» Work item: Copy every entry below exactly as it appears, leaving out the images.
(Provided data)
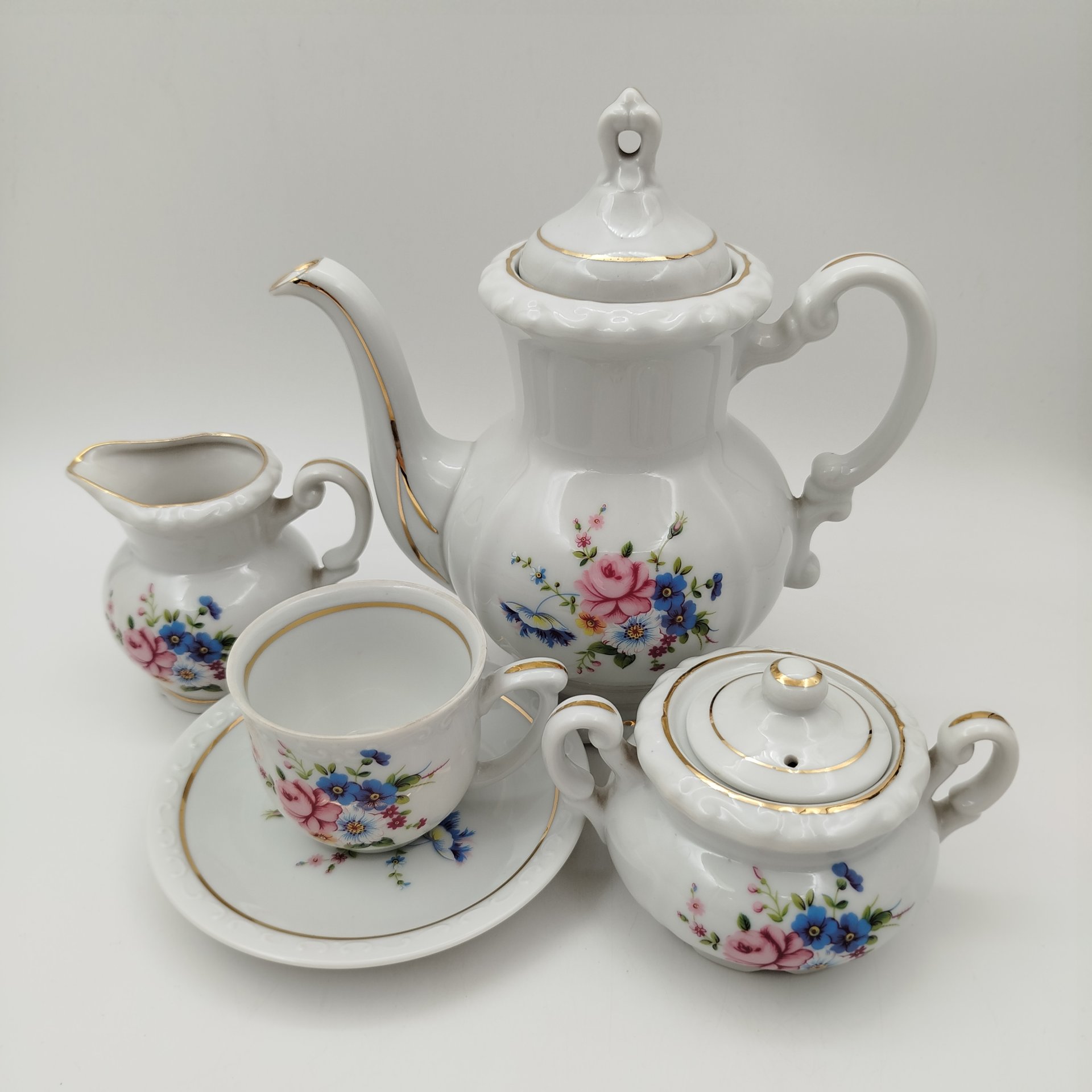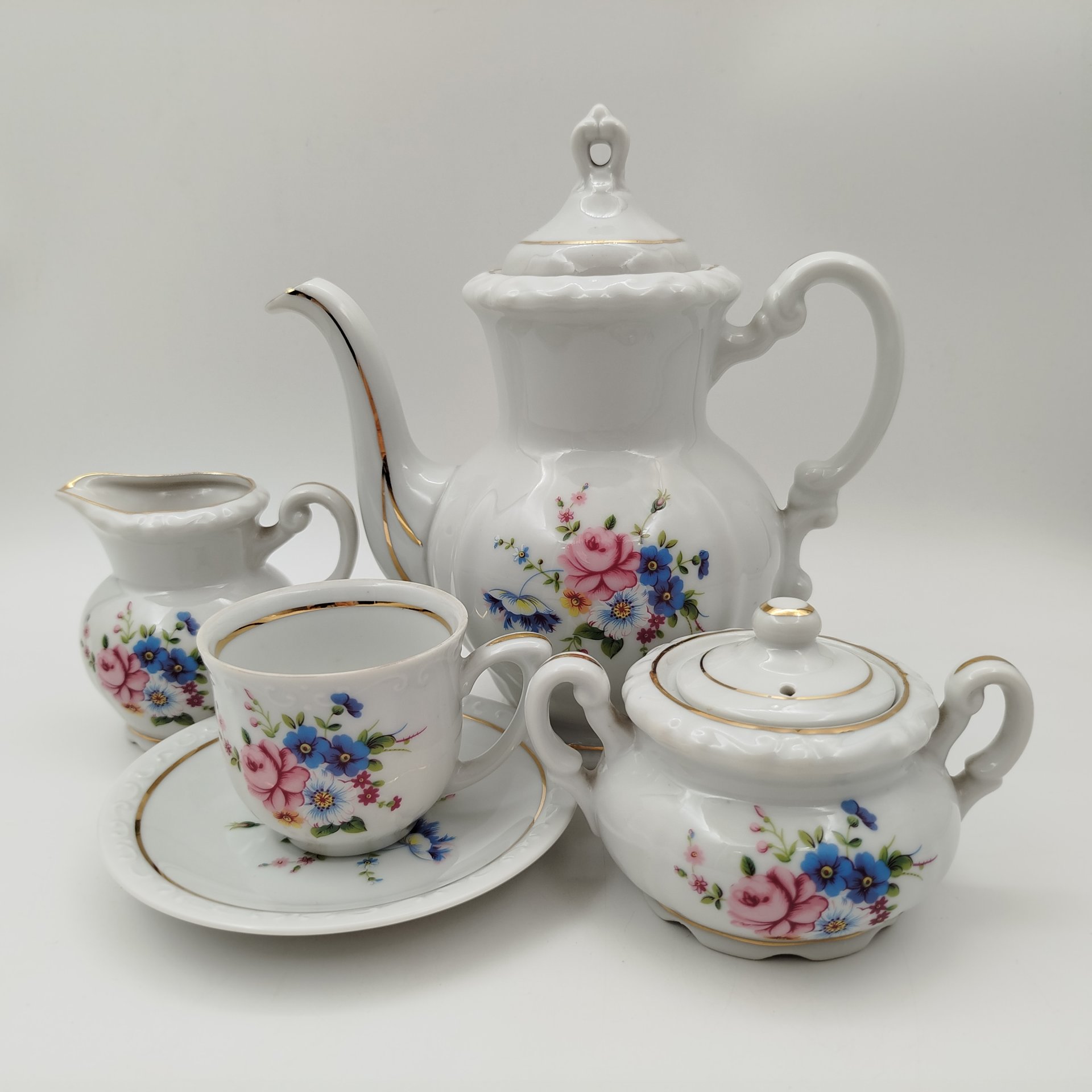 Сервиз кофейный на 6 персон цвета слоновой кости с декором в виде голубых цветов (предметов), фарфор, деколь, золочение, Bernadotte, Чехословакия, 1960-1990 гг.
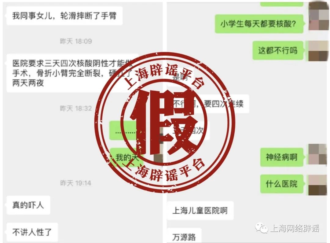 近日,微信圈群流傳一段聊天記錄,稱同事女兒因滑輪滑摔斷手臂,“醫(yī)院要求三天四次核酸陰性才能做手術(shù),骨折小臂完全斷裂,硬抗了兩天兩夜”。還稱此事發(fā)生在萬源路上的“上海兒童醫(yī)院”。上海辟謠平臺(tái)多方求證,該傳言為不實(shí)信息。
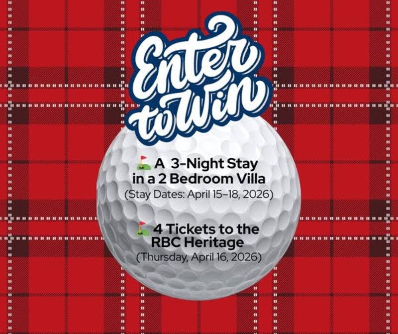 We’re teeing up something special for one lucky winner! Enter for a chance to win a stay 3-night stay and tickets to the 2026 RBC Heritage!
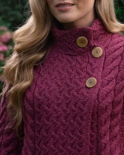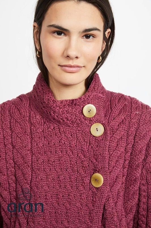 This ladies super soft 3 button aran sweater is made in Westport. Co.Mayo of 100% Super soft Merino Wool. It is so luxurious you will never want to take it off. The rose color makes each and every stitch pop and will keep compliments coming your way. Wear open as a cardigan or close over for the colder evenings and show off the style. Team with your favourite jeans and Irish scarf.
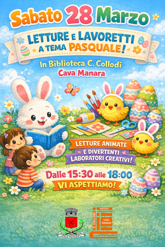 Sabato 28 Marzo dalle ore 15.00 alle ore 18.00 vi aspettiamo in biblioteca per letture e lavoretti di Pasqua !!
(End Provided data)
» Task response:
 Сервиз кофейный на 6 персон цвета слоновой кости с декором в виде голубых цветов (предметов), фарфор, деколь, золочение, Bernadotte, Чехословакия, 1960-1990 гг.
 近日,微信圈群流傳一段聊天記錄,稱同事女兒因滑輪滑摔斷手臂,“醫(yī)院要求三天四次核酸陰性才能做手術(shù),骨折小臂完全斷裂,硬抗了兩天兩夜”。還稱此事發(fā)生在萬源路上的“上海兒童醫(yī)院”。上海辟謠平臺(tái)多方求證,該傳言為不實(shí)信息。
 We’re teeing up something special for one lucky winner! Enter for a chance to win a stay 3-night stay and tickets to the 2026 RBC Heritage!
 This ladies super soft 3 button aran sweater is made in Westport. Co.Mayo of 100% Super soft Merino Wool. It is so luxurious you will never want to take it off. The rose color makes each and every stitch pop and will keep compliments coming your way. Wear open as a cardigan or close over for the colder evenings and show off the style. Team with your favourite jeans and Irish scarf.
 Sabato 28 Marzo dalle ore 15.00 alle ore 18.00 vi aspettiamo in biblioteca per letture e lavoretti di Pasqua !!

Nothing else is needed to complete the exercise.